The manufacturing of rimless spectacles comprises the attachment of the temples and the nose-bridge directly onto the ophthalmic lens. This generally requires drilling a through-hole in at least two points of the ophthalmic lenses in the peripheral region thereof. A common problem associated with rimless spectacles is the incidence of cracking and crazing in the lens during the drilling process, and the propagation of the cracks during the mounting of the temples or nose-bridge or and/or during the subsequent daily use of the spectacles.
One approach to reducing the incidence of cracking flaws associated with rimless spectacles is to employ lenses composed of selected materials having an increased resistance to such flaws as disclosed in U.S. Pat. No. 7,135,545.
U.S. Pat. No. 7,726,808 discloses polishing the borehole's side-wall with an abrasive wire so as to eliminate the micro-cracks and crazes, thereby preventing propagation thereof in the lens during mounting and use.
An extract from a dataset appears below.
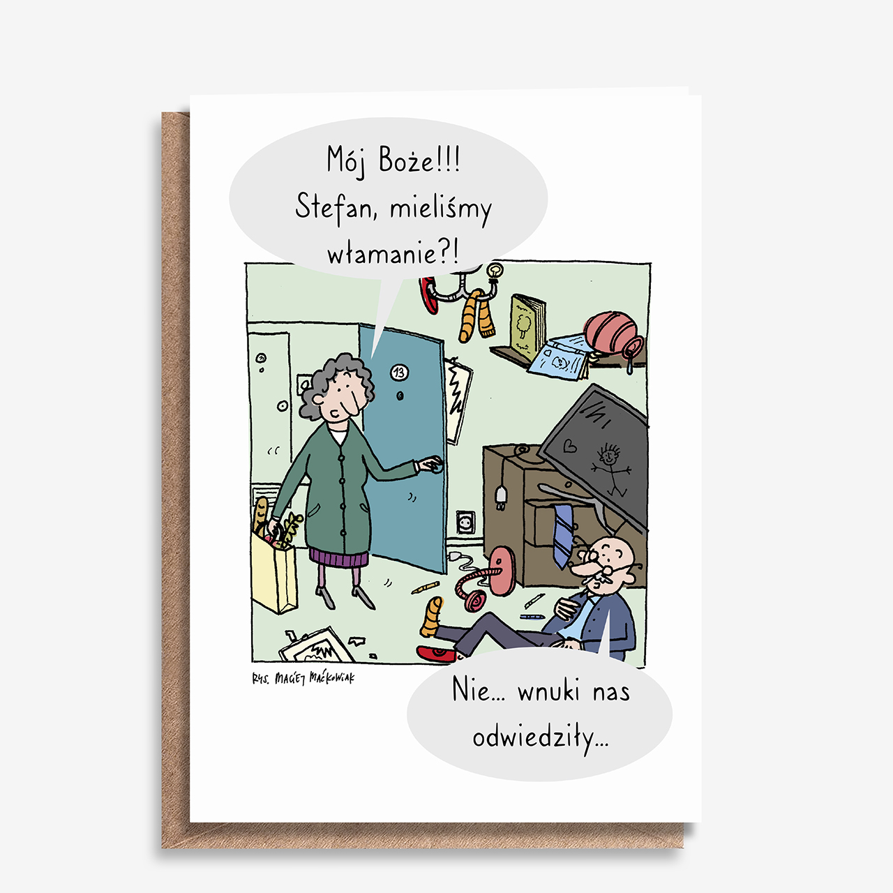 Zabawna kartka dla babci i dziadka MIELIŚMY WŁAMANIE to doskonałe podsumowanie życia u boku z wnukami. Z dzieciakami nie ma mowy o udzie. Mówi się, że z maluchami nie ma czasu na starzenie się i coś w tym jest, bo dziadkowie przy wnukach są przebojowi, energiczni i zawsze gotowi na rozrywkę. W przerwie między szaloną zabawą i przyjmowaniem wnuków na włościach należy im się mała nagroda wyrażająca wielki gest wdzięczności.

It is an object of the present invention to further improve the drilling ability or drilling resistance of organic lens substrates, by laminating onto said lens substrate an impact-absorbing thermoplastic film via an adhesive layer. The present invention is based on the discovery that such a film efficiently absorbs the drilling stress only if its elastic modulus has a minimum value of about 3 GPa and if it sticks to the lens substrate with a minimum adhesion strength. As a matter of fact, the Applicants observed that when thermoplastic films having a high enough elastic modulus were laminated onto ophthalmic lenses having a final anti-smudge overcoat, chipping during drilling could not be efficiently prevented.